A spice is some portion of a plant primarily employed for flavoring, coloring, or preserving food. A spice is often pungent or aromatic.

Several spices were among the earliest cultivated plants. This illustrates how people in prehistory understood nutritional value – something that has been largely lost by most people in modern civilization.

The 4 most expensive spices by weight are: saffron, vanilla, cardamom, and Ceylon cinnamon (not the more common Chinese cinnamon (cassia) that is so familiar).

Though it is likely spices have been used in cooking for well over 250,000 years, the earliest certain evidence of their service comes from a pot of stew made in Demark 6,100 years ago, where the cook put in some garlic mustard seed and failed to clean the pot enough to thwart later anthropologists. Various sites around the world show salt being extracted around that time, ostensibly for use with food.

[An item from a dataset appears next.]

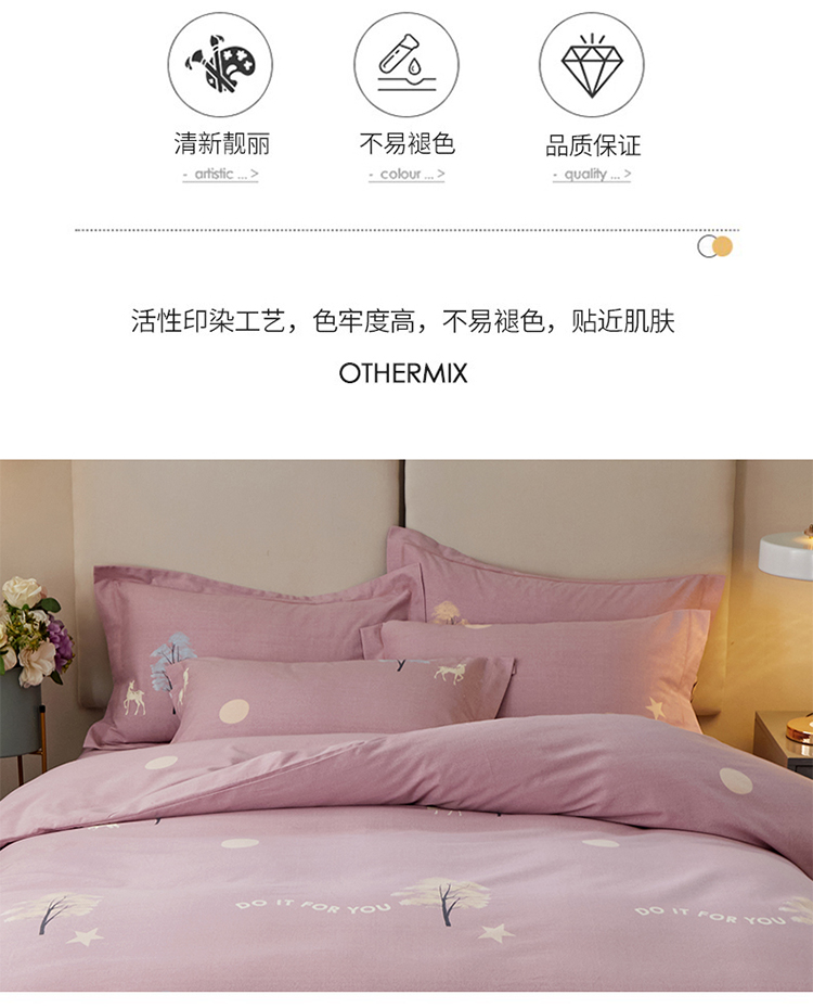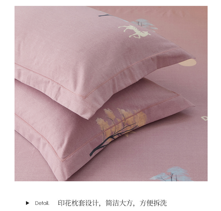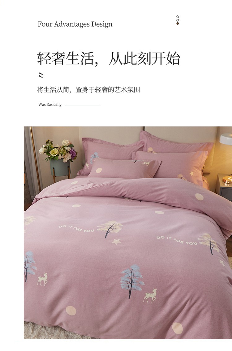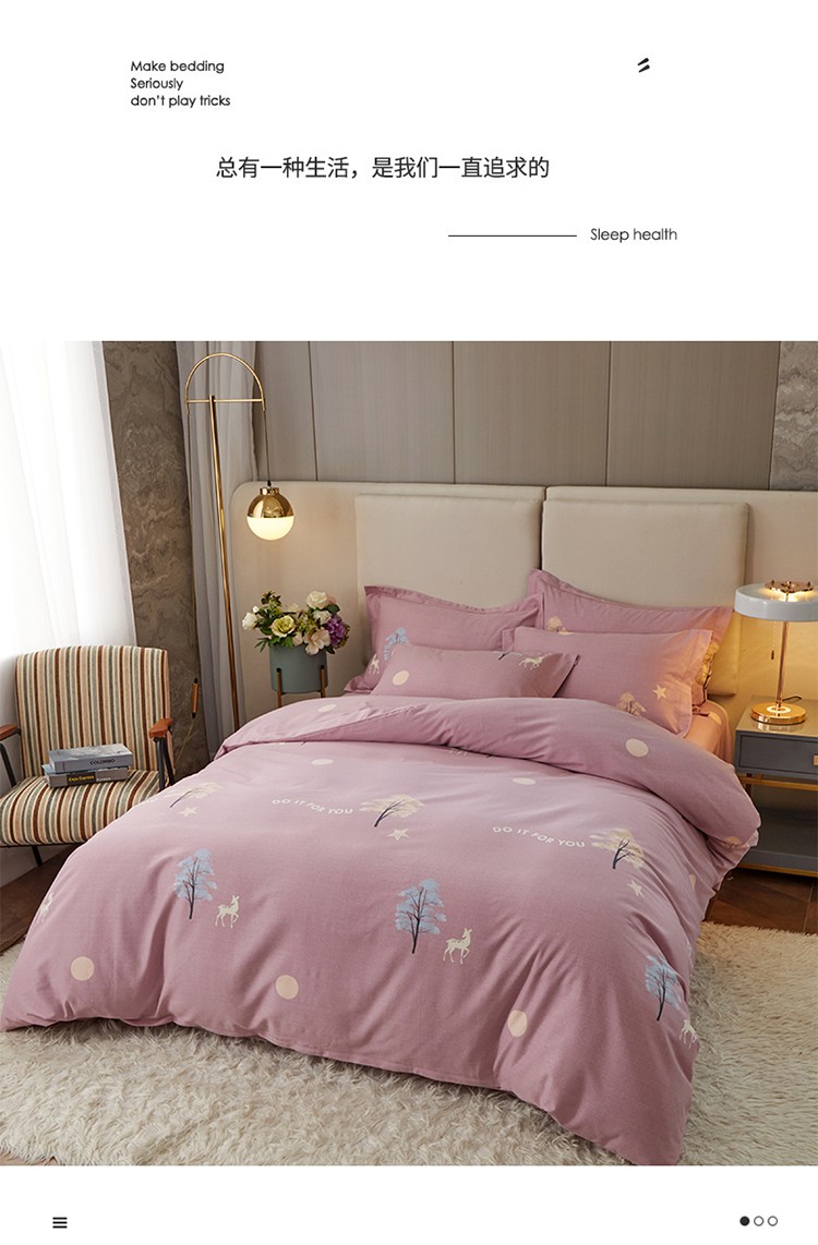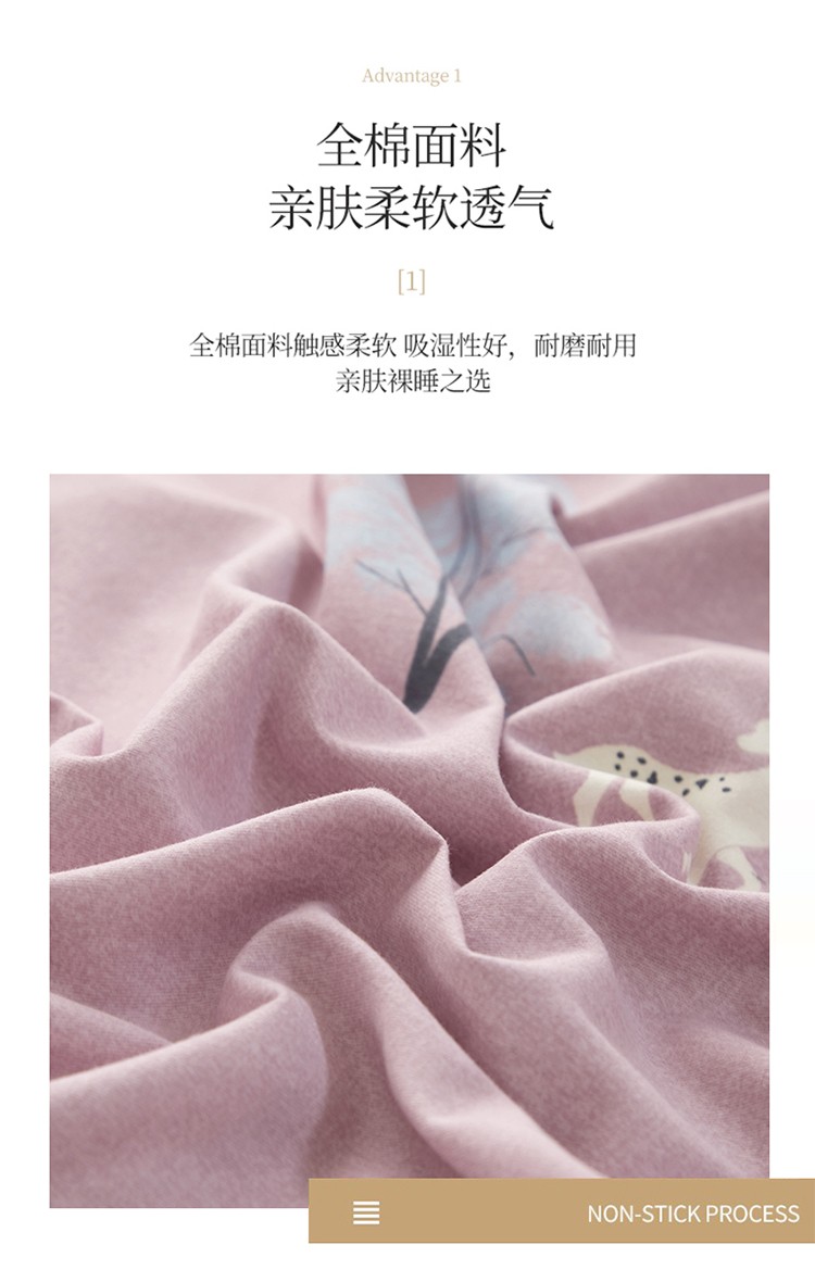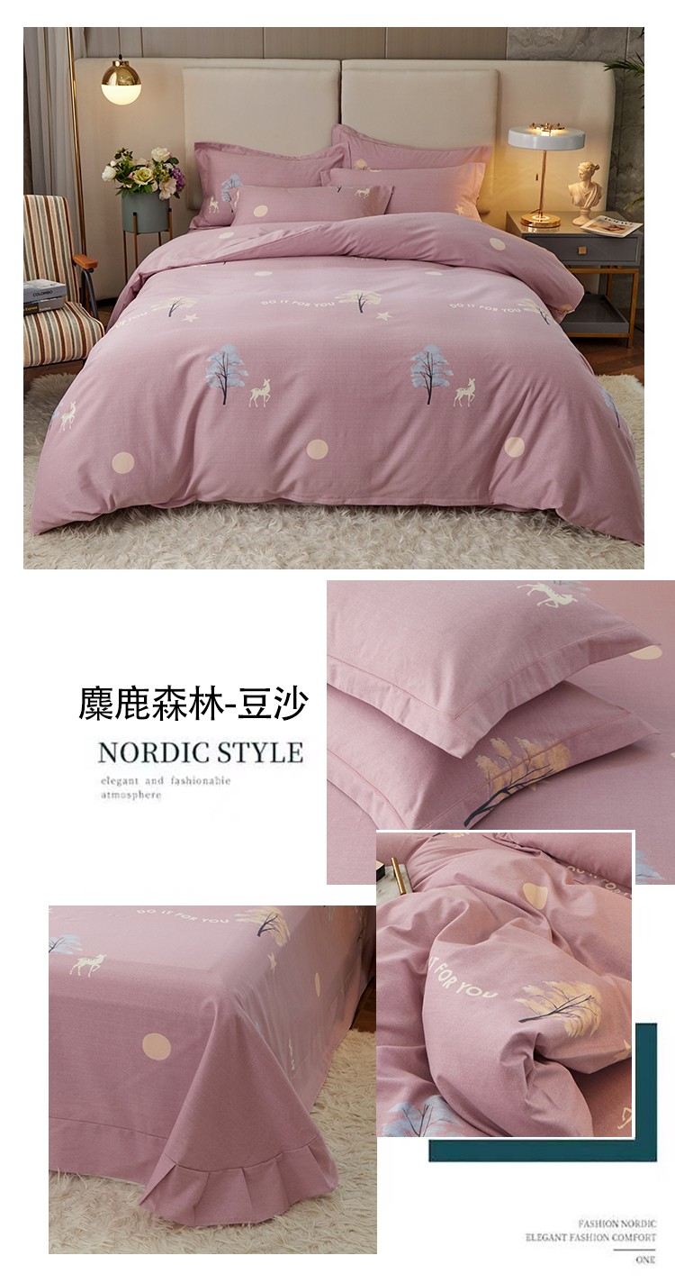 商品名称:金纱玉纺 2022新款全棉印花加厚磨毛四件套 麋鹿森林-豆沙

The spice trade sewed different peoples together throughout the Mediterranean and nearby lands. Spices were a high-value commodity along the Silk Road, where East met West over 2,000 years ago.

The ancient Egyptians were well acquainted with a variety of spices: salt, cumin, anise, marjoram, cassia, and other exotic substances, some from trade with India. The preservative power of salt was used in making mummies.

The French never forgot the lesson. To enforce the law against suicide, a 1670 revision to the criminal code decreed that the bodies of suicides be salted, brought before a judge for conviction, and put on public display. Notorious criminals that expired in the miserable French prisons of the day would be salted and brought to trial.